The finely modified portions may be constituted of at least either modified portions or cavity portions. In this case, incident light can be scattered by the finely modified portions with high efficiency. Therefore, the effect of a localized inhomogeneous electric field in the semiconductor light absorption layer can be further enhanced.

Widths of the finely modified portions in the intersection direction intersecting a lamination direction of the semiconductor light absorption layer with respect to the first conduction-type semiconductor layer may be equal to or shorter than a wavelength of the incident light. According to this constitution, scattered light caused by incident light can be favorably generated in the vicinity of a boundary surface between the finely modified portions and the semiconductor light absorption layer. Therefore, the effect of a localized inhomogeneous electric field in the semiconductor light absorption layer can be further enhanced.

The photodetector may further include an extraction electrode provided on the second conduction-type semiconductor layer and extracting a photocurrent generated in the semiconductor light absorption layer due to formation of the localized inhomogeneous electric field. According to this constitution, when a photocurrent generated in the semiconductor light absorption layer is extracted, compared to when the semiconductor light absorption layer and the extraction electrode come into contact with each other, generation of a dark current caused by a Schottky junction can be curbed.

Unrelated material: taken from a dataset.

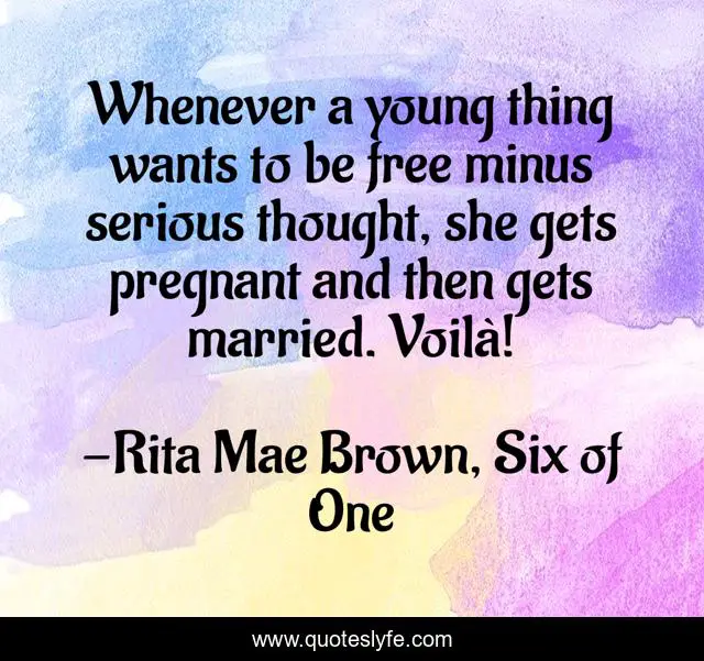 This page presents the quote "Whenever a young thing wants to be free minus serious thought, she gets pregnant and then gets married. Voilà!". Author of this quote is Rita Mae Brown, Six of One. This quote is about youth, women,.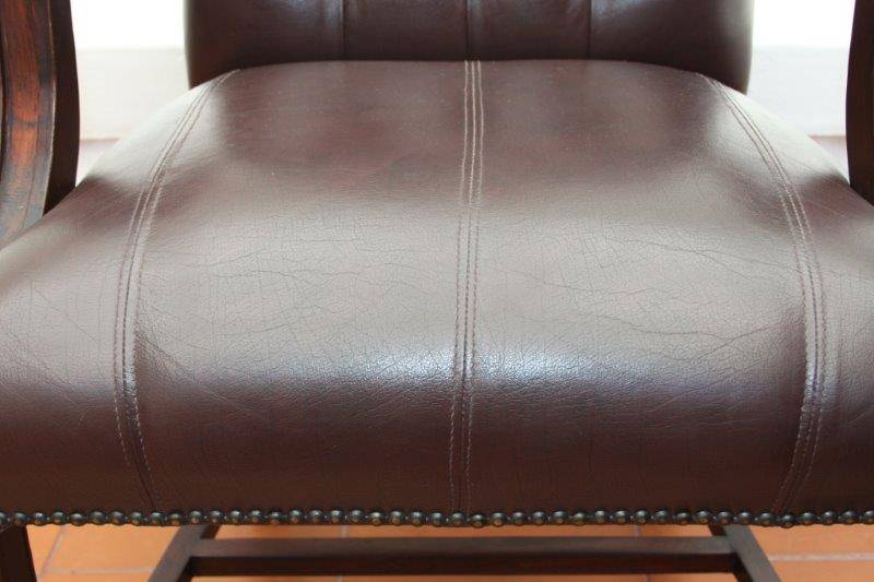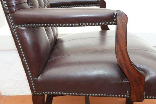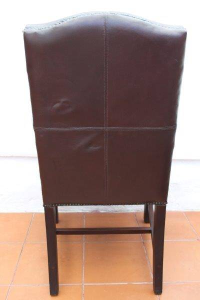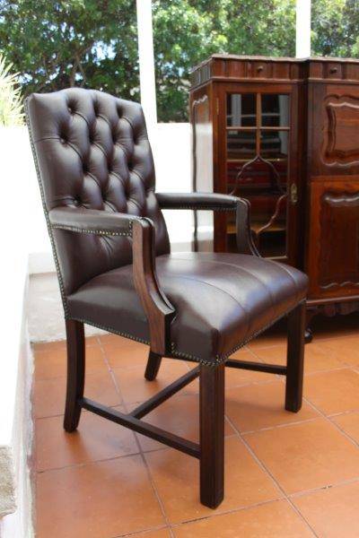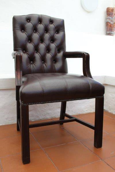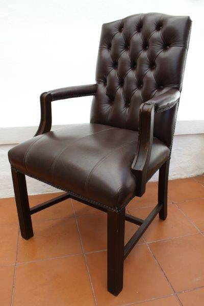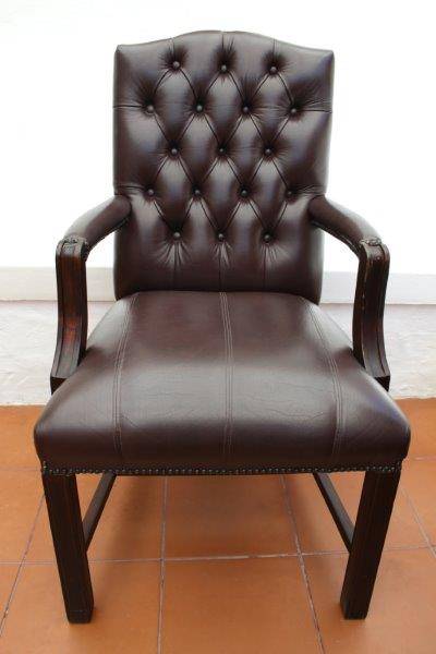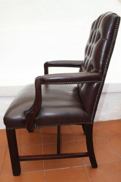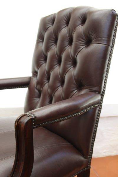 WE ARE OFFERING A MAGNIFICENT GENUINE LEATHER & SOLID MAHOGANY 'CHESTERFIELD STYLE' EXECUTIVE OFFICE CHAIR IN EXCELLENT CONDITION!!! THIS IS A STUNNING PIECE OF FURNITURE AND WORKS SO WELL IN A LARGE EXECUTIVE OFFICE OR AS AN OCCASIONAL READING CHAIR.... IT IS ALSO VERY COMFORTABLE!!! THIS CHAIR STILL HAS THE ORIGINAL RICH & LUXURIOUS DARK BROWN GENUINE LEATHER AND FINSHED OFF WITH BEAUTIFUL STUDS AND EXQUISITE SIMPLE DETAILING!!!

The finely modified portions may be positioned in a region not overlapping the extraction electrode when viewed in a lamination direction of the semiconductor light absorption layer with respect to the first conduction-type semiconductor layer. In this case, since a situation in which incident light toward the finely modified portions is blocked by the extraction electrode is curbed, a light receiving area with respect to incident light can be sufficiently secured. In addition, in the semiconductor light absorption layer, since the non-modified portion is positioned immediately below the extraction electrode, the strength of the semiconductor light absorption layer can also be sufficiently maintained.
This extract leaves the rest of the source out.